EXERCISE OBJECTIVE: Leave the pictures out and repeat the rest of the data below exactly.

AVAILABLE DATA:
◆ ◆ ◆ ◆

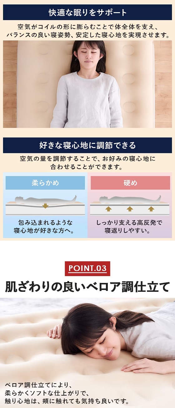 25㎝のボリュームで、固い床の上でも底付きが感なく、ふかふかな寝心地です。
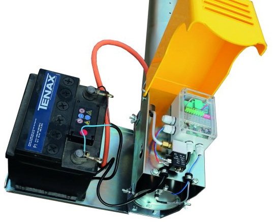 Громпушка рассчитана для работы на открытых территориях, где обычно нет электричества, поэтому в ней используется аккумулятор 12 В. Стандартная автомобильная батарея на 60 А/ч обеспечит автономную работу в течение 4 месяцев. Все составные части устройства устойчивы к осадкам, не боятся солнца и т.д.
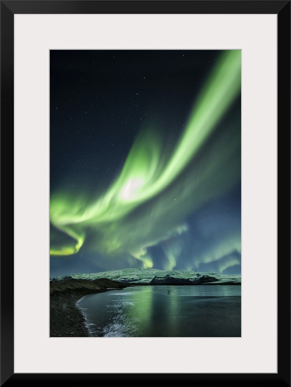 <p>Aurora Borealis above Jokulsarlon Lagoon in Iceland.</p>

◆ ◆ ◆ ◆

ANSWER TO THIS TASK:
 25㎝のボリュームで、固い床の上でも底付きが感なく、ふかふかな寝心地です。
 Громпушка рассчитана для работы на открытых территориях, где обычно нет электричества, поэтому в ней используется аккумулятор 12 В. Стандартная автомобильная батарея на 60 А/ч обеспечит автономную работу в течение 4 месяцев. Все составные части устройства устойчивы к осадкам, не боятся солнца и т.д.
 <p>Aurora Borealis above Jokulsarlon Lagoon in Iceland.</p>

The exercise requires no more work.